On a sunny afternoon last fall, I took a Chinook helicopter flight to the grounds of a former boarding school in Pakistan's Swat Valley, where I drank chai with a Pashto-speaking Special Services Group commando. In the meadow where we sat, the air was filled with the scent of valley flowers. Yet this idyllic place, the commando told me, had once been controlled by militants.
"What was it like under the Taliban?" I asked.
"Simple," he said. "Just three words: H-E-L-L."
His arithmetic may have been imprecise, but the message was clear: The Pakistani Taliban, or Tehrik-i-Taliban Pakistan (TTP), which intermittently ruled this verdant, lush region of about 4,000 square miles from 2007 to 2009, held it with an iron fist, lashing people in public and posting "Taliban" signs outside police stations. Then they were thoroughly routed -- or at least it seemed so at the time. The Pakistani Army started an ambitious, U.S.-backed counterinsurgency effort against the TTP in the spring of 2009, the first operation of its kind in the country. The campaign was held up both in Pakistan and abroad as a model of military tactics: "They have done quite impressive operations in Swat Valley," U.S. Gen. David Petraeus told NPR in December 2009. In a hopeful sign that the counterinsurgency has made progress in suppressing the TTP, the Pakistani newspaper Dawn recently reported that the military is starting to turn over responsibility for the security of Swat to local police officials.

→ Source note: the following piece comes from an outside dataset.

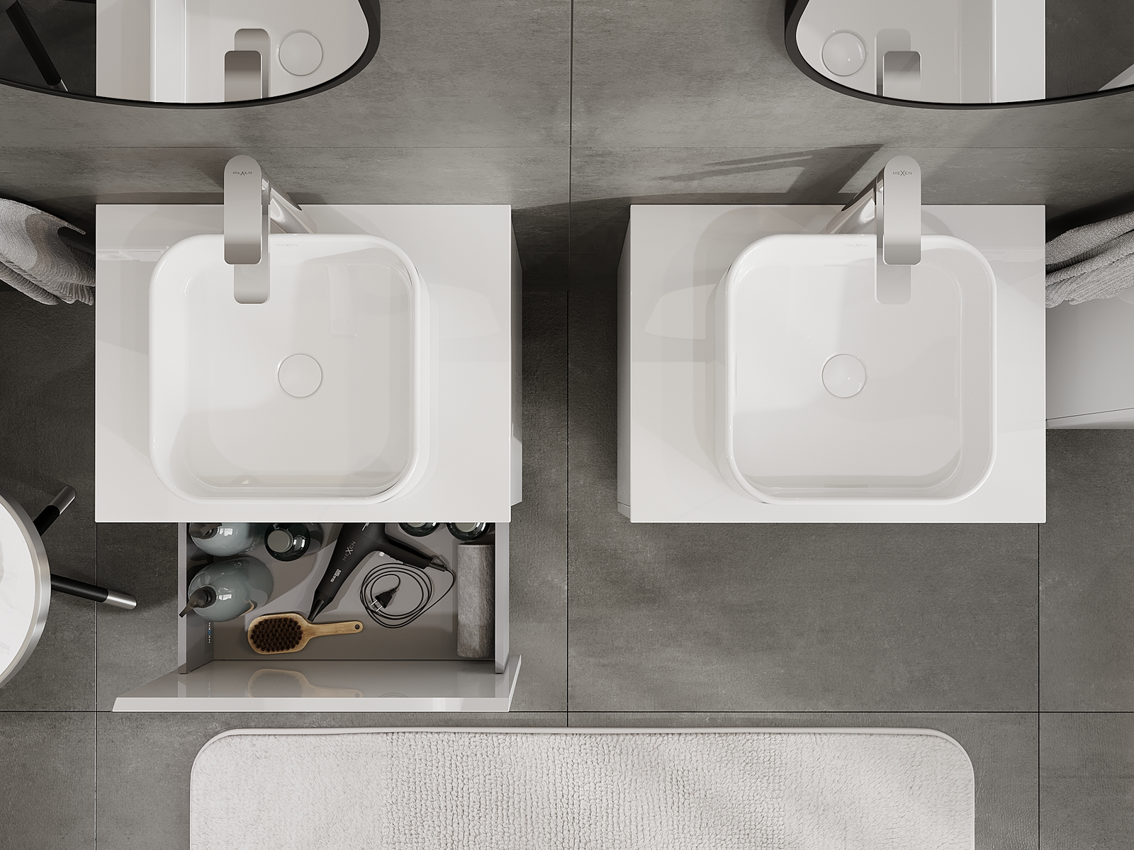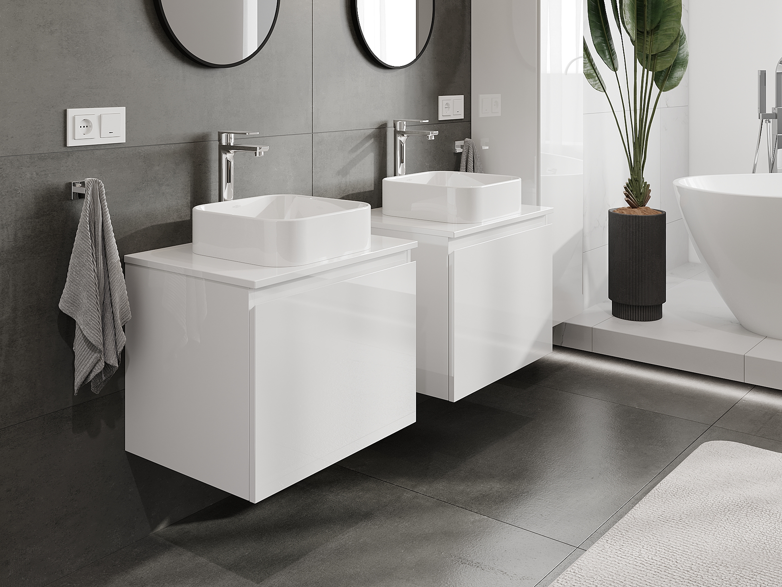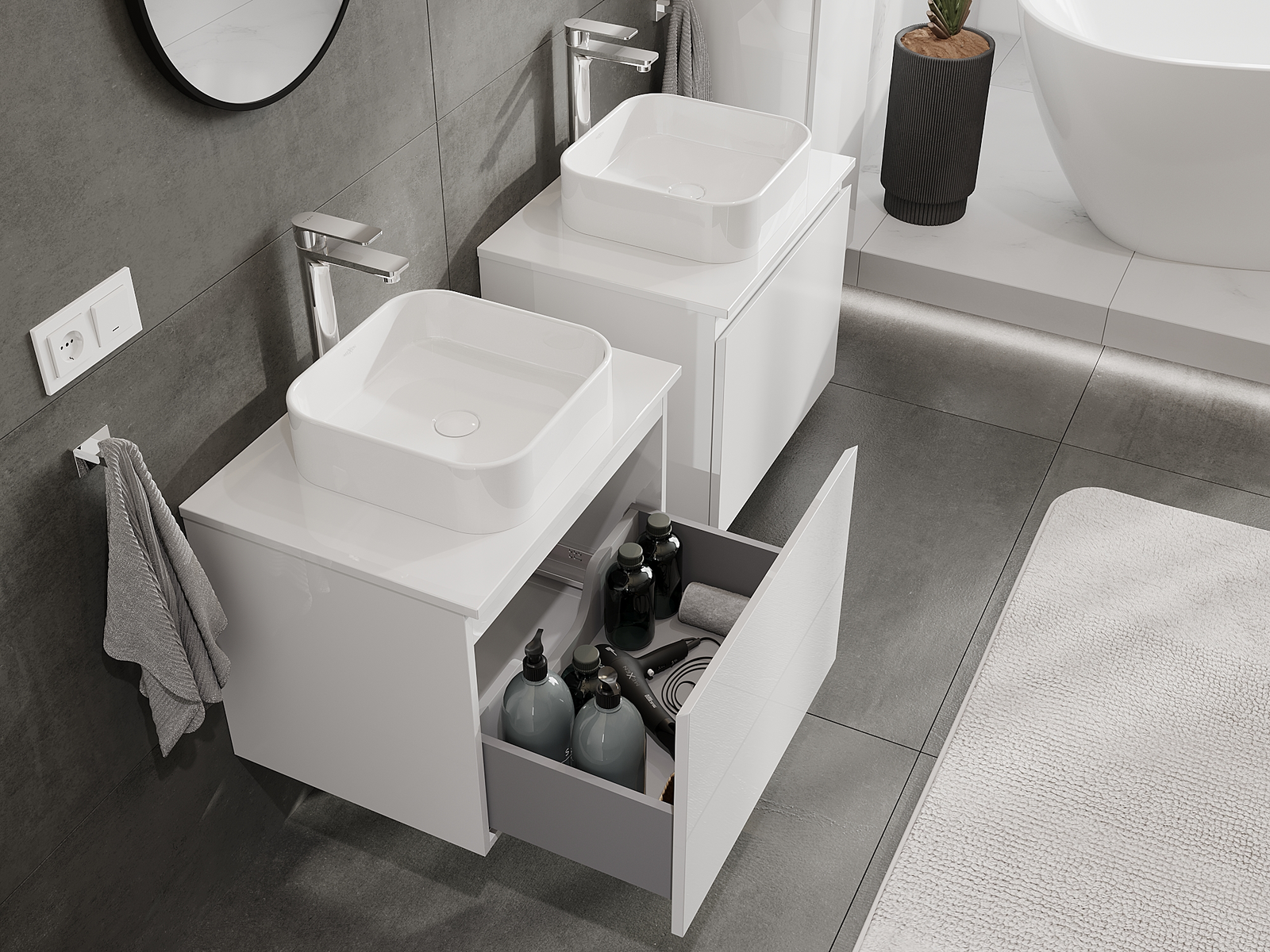 A moduláris fürdőszobabútorainkat különböző színkonfigurációkban lehet kombinálni, lehetővé téve a teljes személyre szabást. Kiválasztható mind az egyes elemek megjelenése, mind pedig funkciói, ami lehetővé teszi a bútorok személyes stílus- és használati preferenciákhoz való igazítását.

Talking to Pakistani Army officials, you get more of this rosy picture: The TTP has been pushed out; Swat is rebuilding; Pakistan has perfected its counterinsurgency tactics. And the United States has banked heavily on Pakistan's counterinsurgency program, appropriating $1.2 billion for a Pakistani counterinsurgency fund and training Pakistani officers in the doctrine.
But the reality of the last year in Swat is quite different. Instead of curing the disease, Pakistan's supposed counterinsurgency attack has in some ways only fed it. And America is continuing to funnel money to a government with no intention of using it to fight the terrorists in its midst. Talk to people like the Swat commando, and it's clear that plenty of Pakistanis in the Swat Valley and elsewhere truly want the area to remain peaceful and for the terrorist attacks that have been roiling the rest of the country to stop. No one wants to go back to hell. So why is the Swat Valley -- and Pakistan -- having so much trouble avoiding doing that?
The problems in the Swat Valley started in October 2007, when a TTP commander named Maulana Fazlullah took over Mingora, the largest city in the area, and began a reign of terror, assassinating "medical staff for administering polio vaccines to children" and hanging bodies from trees and in busy roundabouts, according to a June 2009 report from the Islamabad Policy Research Institute. In November 2007, the Pakistani military sent five brigades, 17 infantry battalions, and five artillery regiments into Swat Valley and drove out the TTP. Then the military left and the TTP returned; once again the military plowed back in again. Over the next two years, this cycle of "blow up; patch up; blow up" repeated itself several times, as Haider Ali Hussein Mullick wrote in a report last year for the Australian Strategic Policy Institute.